IMAGINÁRIO II
Ana Terra
 

Deixei as brasas molhadas no berço do imaginário com a certeza de que o momento de alucinação havia sido levado pelo vento da madrugada fria.

Caminho pela tarde cinza. Chove. Minha pele está molhada mas não sinto calor nem frio.

Vejo meu corpo refletido nas vitrines coloridas. Sorrio. A imagem se multipla e me deparo com todas que já fui. Sinto curiosidade em saber quais ainda serei. Mas não me atrevo.

Em casa sou recebida pelo bigodes de Frida Khalo. Sinto fome. Devoro qualquer coisa mas o vazio continua. Meu espírito está faminto.

Retorno ao berço. Surpreendo-me ao ver algumas fagulhas. Sinto o frio das pedras nos meus pés descalços.

Um cachecol colorido se aproxima. Desta vez não há névoas e nem o fogo que me cegaram.

As mãos pequenas e macias tocam meu rosto. O calor do seu corpo agora é real.

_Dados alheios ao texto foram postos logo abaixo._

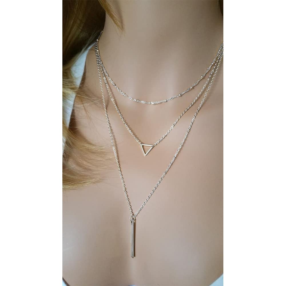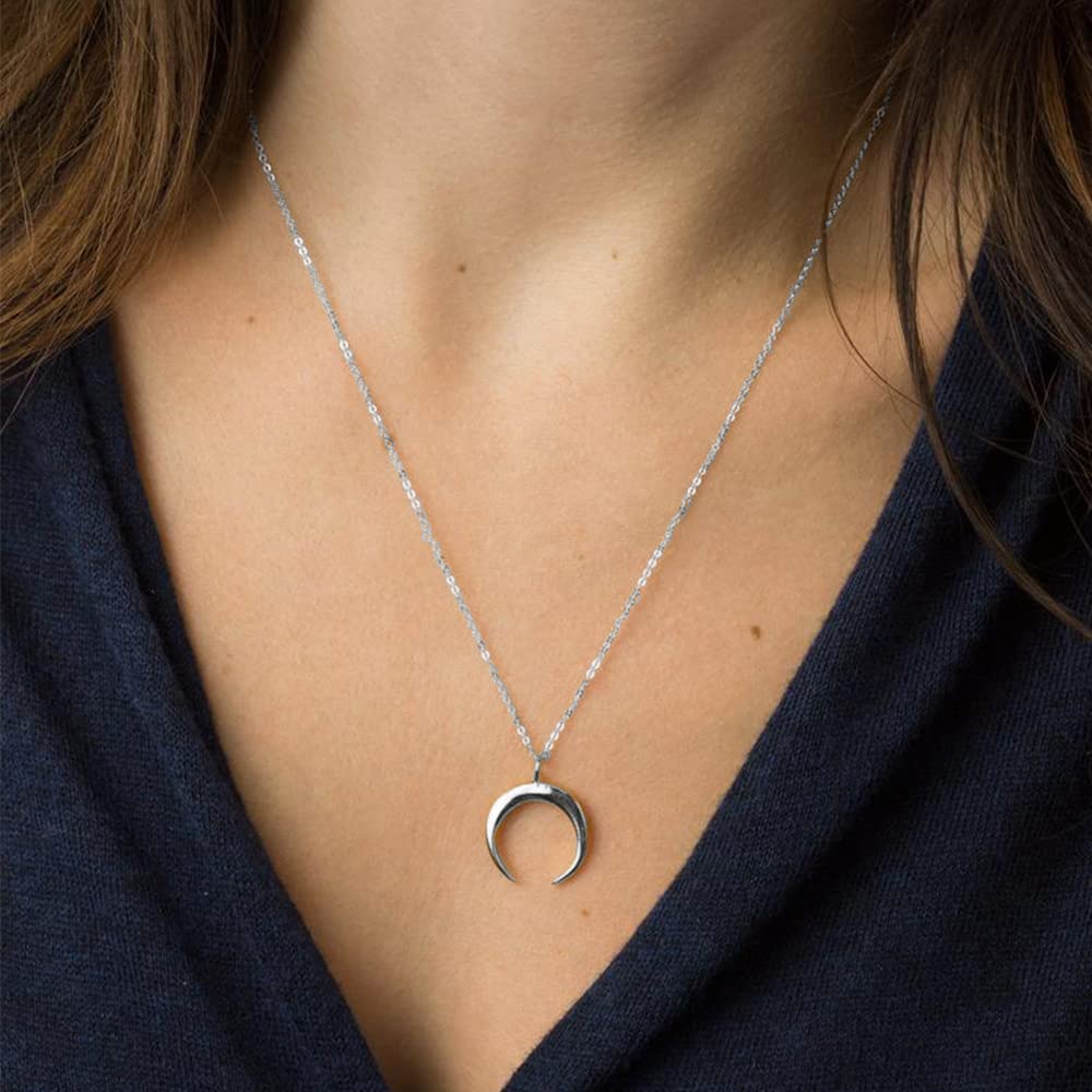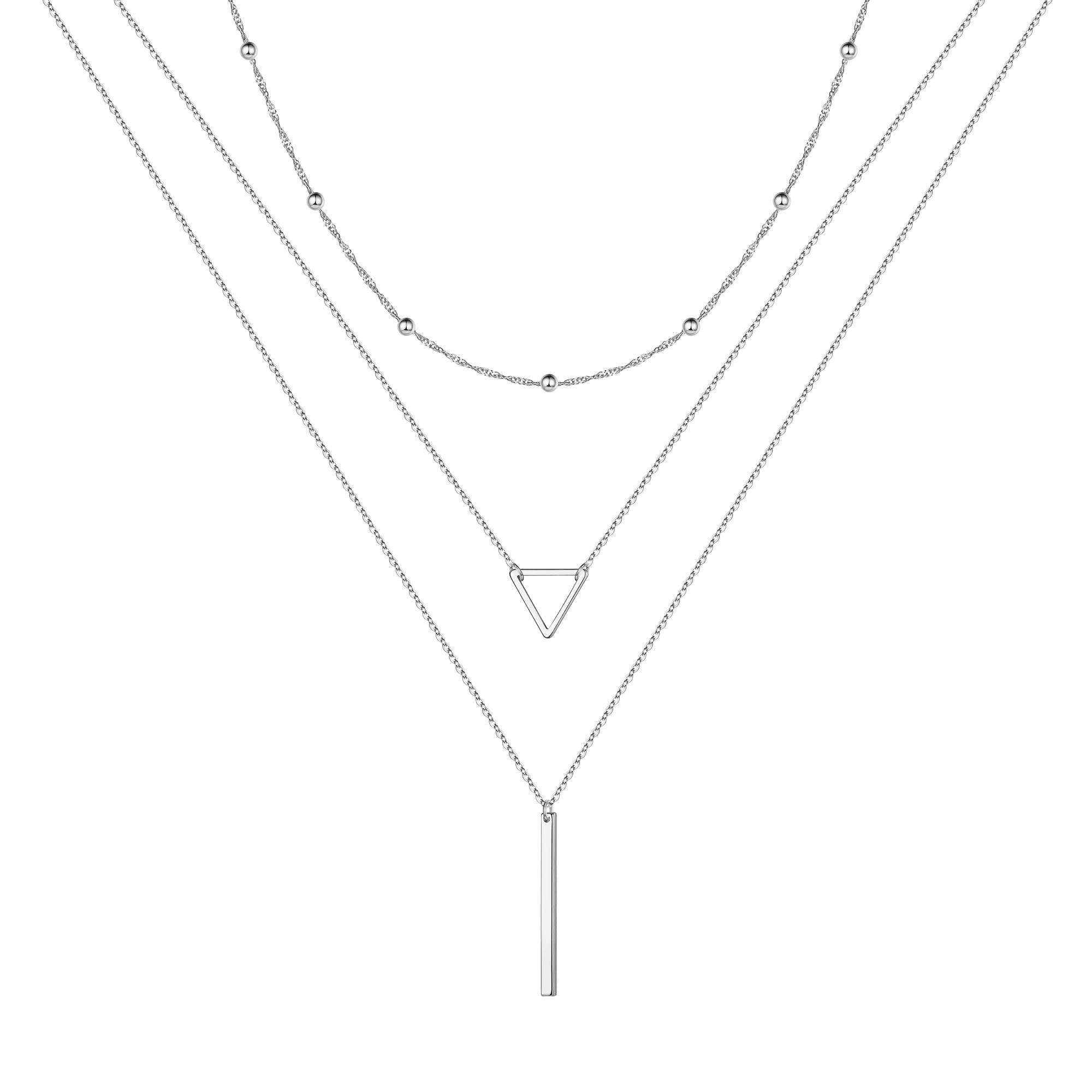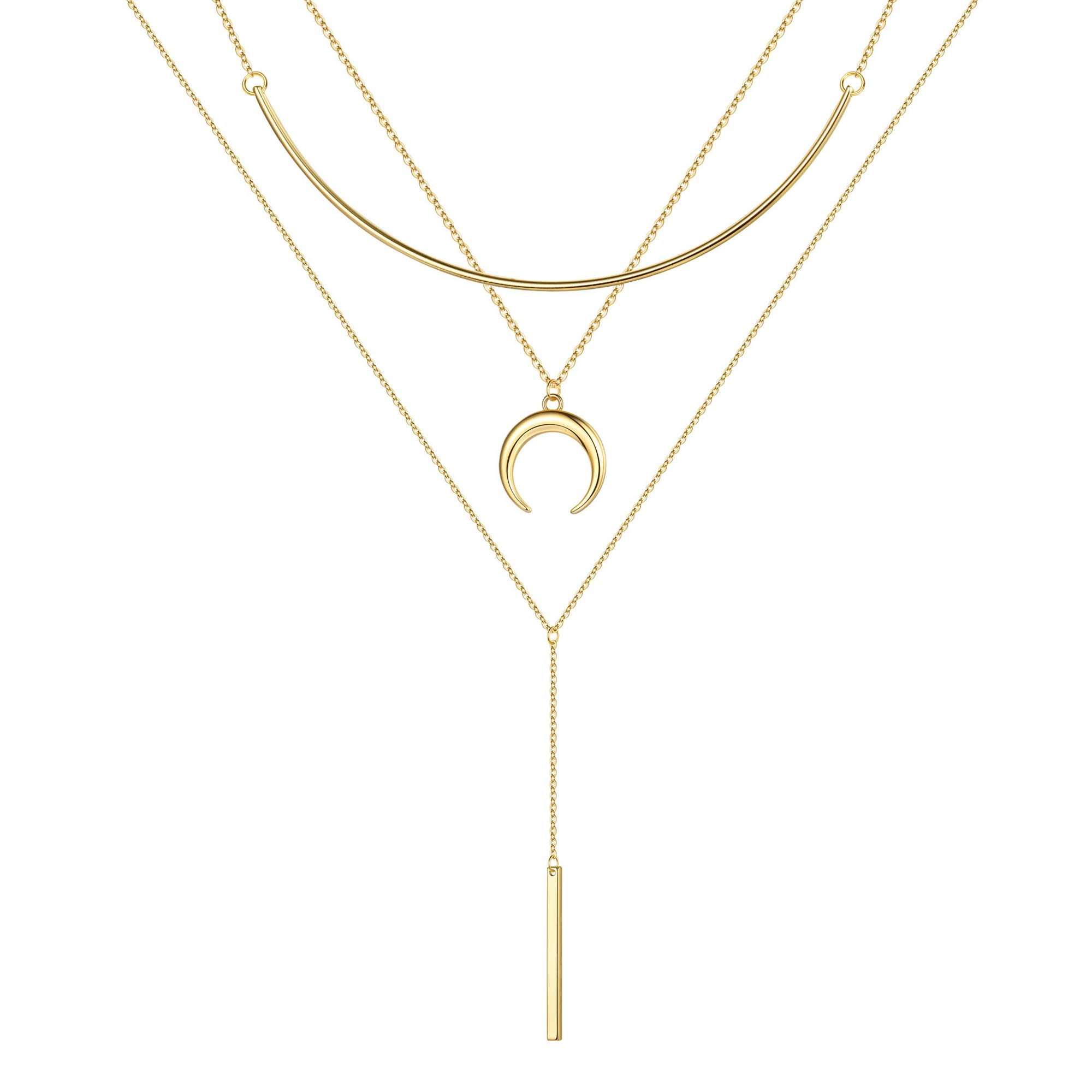 Turandoss Layered Silver Necklace for Women - 14K-White-Gold-Plated Crescent Layered Choker Necklace for Women Layering Necklace Silver Necklace for Women Silver Jewelry
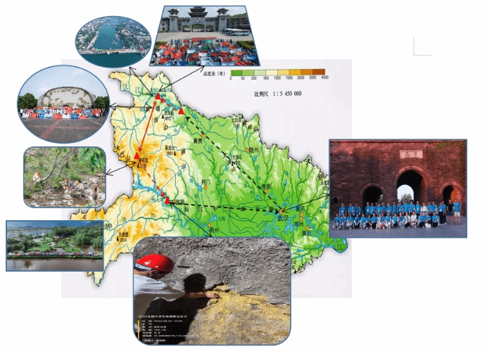 三峡地区,开展地层与古生物(元古代-古生代)、河流地貌、灾害地貌、重大水利工程等内容学习。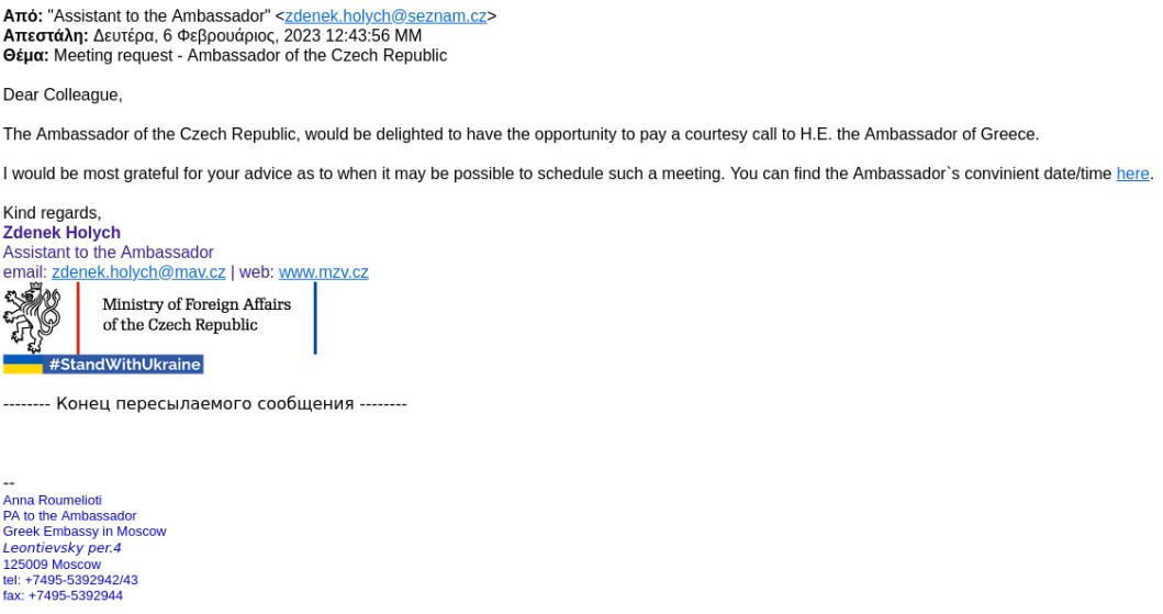 해당 캠페인에서는 유럽의 대사관을 사칭하는 이메일을 외교관 직원들에게 유포하는 스피어 피싱 공격 기법을 사용하였다. 메일에는 PDF 문서 및 다운로드 링크가 포함되어있고, 해당 링크로 연결하면 “ENVTSCOUT” 라고 하는 공격자의 서명 스크립트가 포함된 악성 웹사이트로 연결된다. 해당 웹 사이트에서 HTML Smuggling 기법을 통해 최종적으로 악성 코드를 다운로드하도록 한다. 이때, HTML Smuggling 기법은 HTML5 및 자바 스크립트의 기능을 악용하여 악성코드를 자동으로 피해자 PC에 다운로드 하도록 하는 공격 기법이다.

Presa à minha boca está a língua de uma presença macia.

Não sei de onde você veio. Talvez das profundezas de um silêncio.

Nossos corpos e nossas águas alimentam a fogueira.

Não há nada a dizer. Prendo meus dedos em seus cabelos. Invado seus olhos. Sinto-me envolta pela delicadeza.

Nada mais quero. Corpo e alma serenados.

Agradeço ao talento de ainda acreditar e a sorte do imaginário tornar-se real.